Data shown:
----------

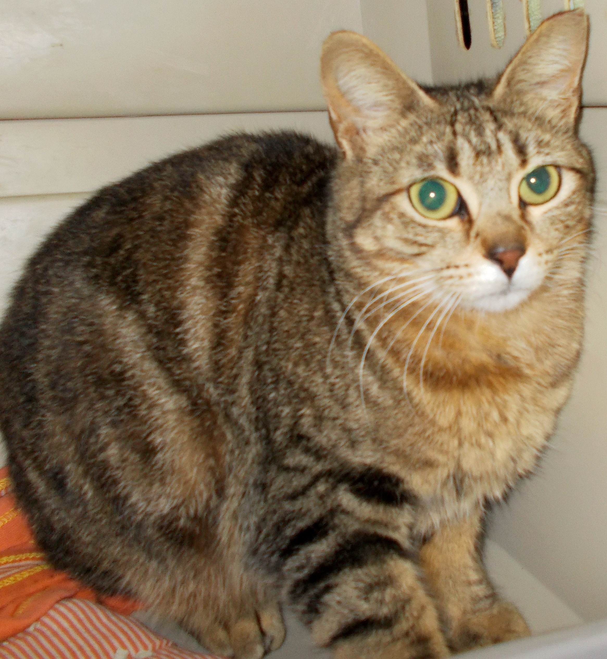 Raisin is a sweet and gorgeous brown classic tabby Manx, approx 4 years old, who was rescued from a North Chattanooga neighborhood with her siblings. She was semi feral but the man who was feeding the cats could pick her up. She is still quite shy but likes petting. She will be shy in a new environment with new people at first but I know she will be a nice companion for the right person. She would do best in a quiet adult home. Her sister is Robin and she would like to be adopted with her if possible. EMAIL:JPECATz@aol.com
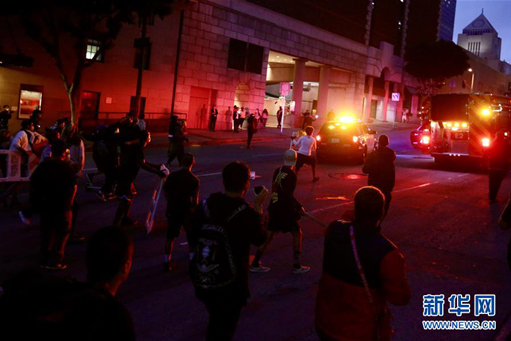 5月29日晚,在美國洛杉磯,抗議者在街頭游行示威。新華社發(fā)
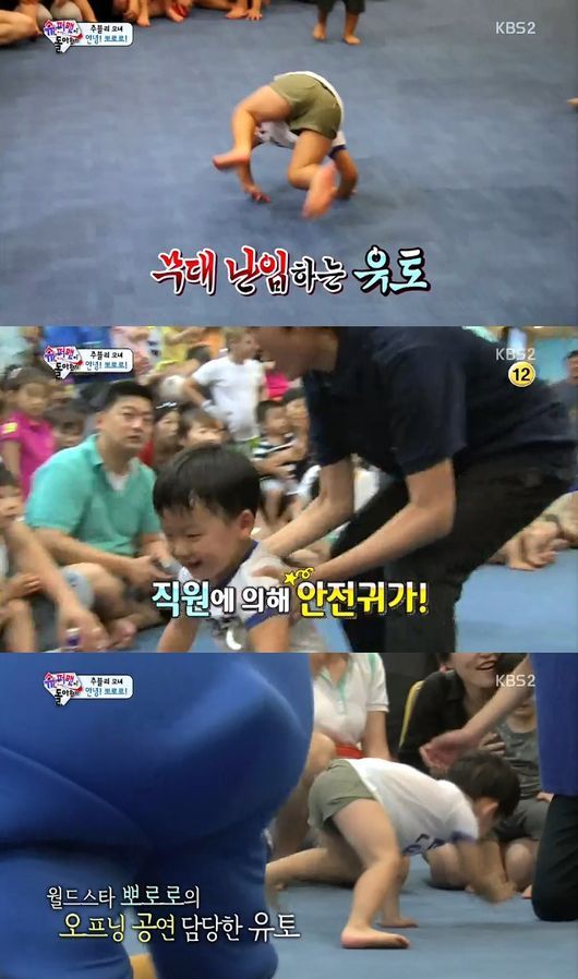 이날 방송에서 유토는 뽀로로의 공연이 펼쳐지던 중 "주세요"라고 열심히 외친 덕분에 뽀로로에게 풍선 선물을 받았다. 풍선을 받고 기뻐하던 유토는 곧 풍선을 동생에게 건네줘 훈훈한 형의 모습을 보였다.
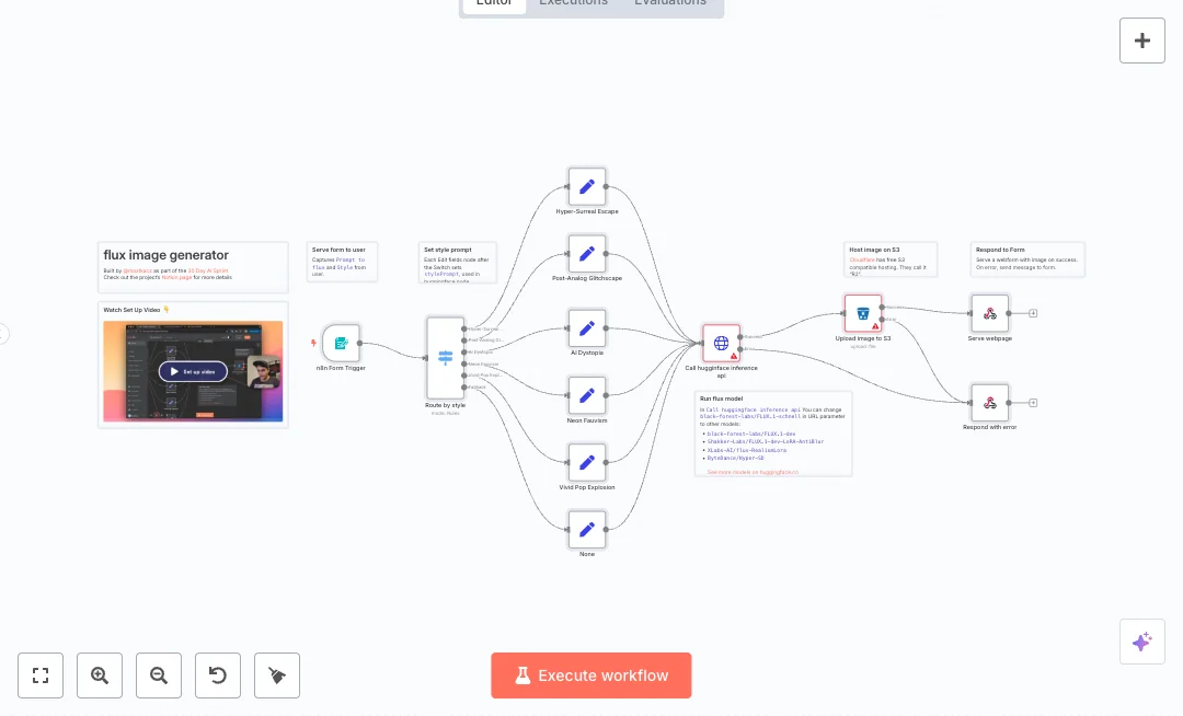 The flow starts with an n8n form that captures the prompt and a style choice. A router sends the request to one of several style presets that set a style prompt. The workflow then calls the Hugging Face inference API to render the image. On success, the image uploads to an S3 bucket with a unique name, and a web page returns the final image and link. If the API fails, a clear error message is sent back to the form. You can swap the model in the API URL and point S3 to AWS or an S3 compatible service like R2.
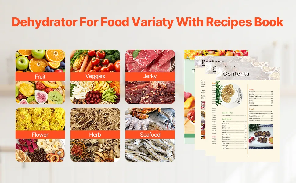 Der große Dörrautomat mit 12 Etagen eignet sich hervorragend zum Trocknen verschiedener Zutaten wie Obst, Getreide etc. Im Lieferumfang ist ein Rezept enthalten, mit dem Sie ganz einfach verschiedene gesunde und selbstgemachte Trockenprodukte zubereiten können.
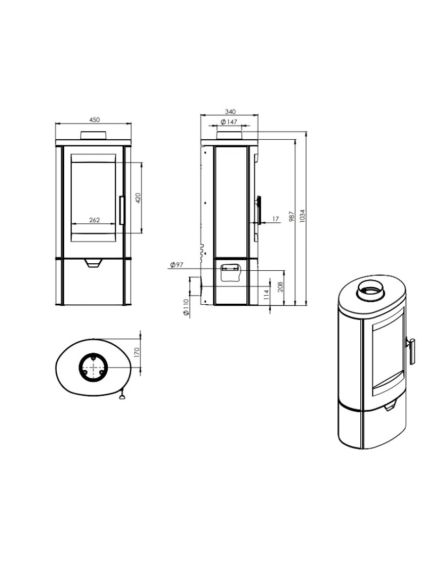 Для зручності експлуатації піч оснащена зольником, обмежувачем дров та дефлектором. Підключення димоходу — верхнє, під трубу Ø150 мм.
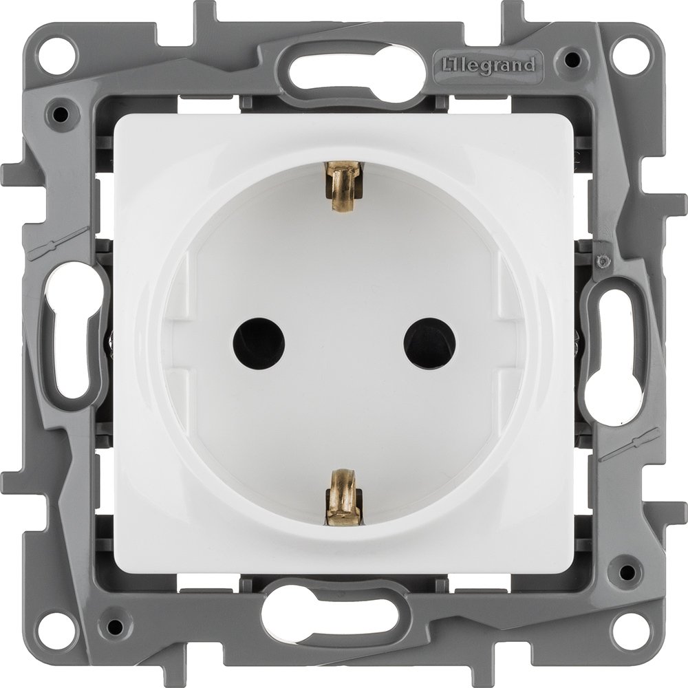 Розетка с заземлением и защитными шторками Legrand Etika для скрытого монтажа, цвет белый. Максимальный ток 16 А, максимальная мощность 3680 Вт. Применяется в зданиях, оборудованных для повышения безопасности проводкой с заземлением (с защитным проводником). Рекомендуются к применению в квартирах и помещениях с детьми. Шторки осуществляют защитную функцию путём ограничения доступа к токоведущим контактам. Доступ открывается только при подключении вилки.

----------

Task description:
Both the line above containing "5月29日晚,在美國洛杉磯,抗議者在街頭游行示威。新華社發(fā)" and the line containing "이날 방송에서 유토는" belong in the copy, along with every line between them; print these exactly and omit the pictures.

Task response:
 5月29日晚,在美國洛杉磯,抗議者在街頭游行示威。新華社發(fā)
 이날 방송에서 유토는 뽀로로의 공연이 펼쳐지던 중 "주세요"라고 열심히 외친 덕분에 뽀로로에게 풍선 선물을 받았다. 풍선을 받고 기뻐하던 유토는 곧 풍선을 동생에게 건네줘 훈훈한 형의 모습을 보였다.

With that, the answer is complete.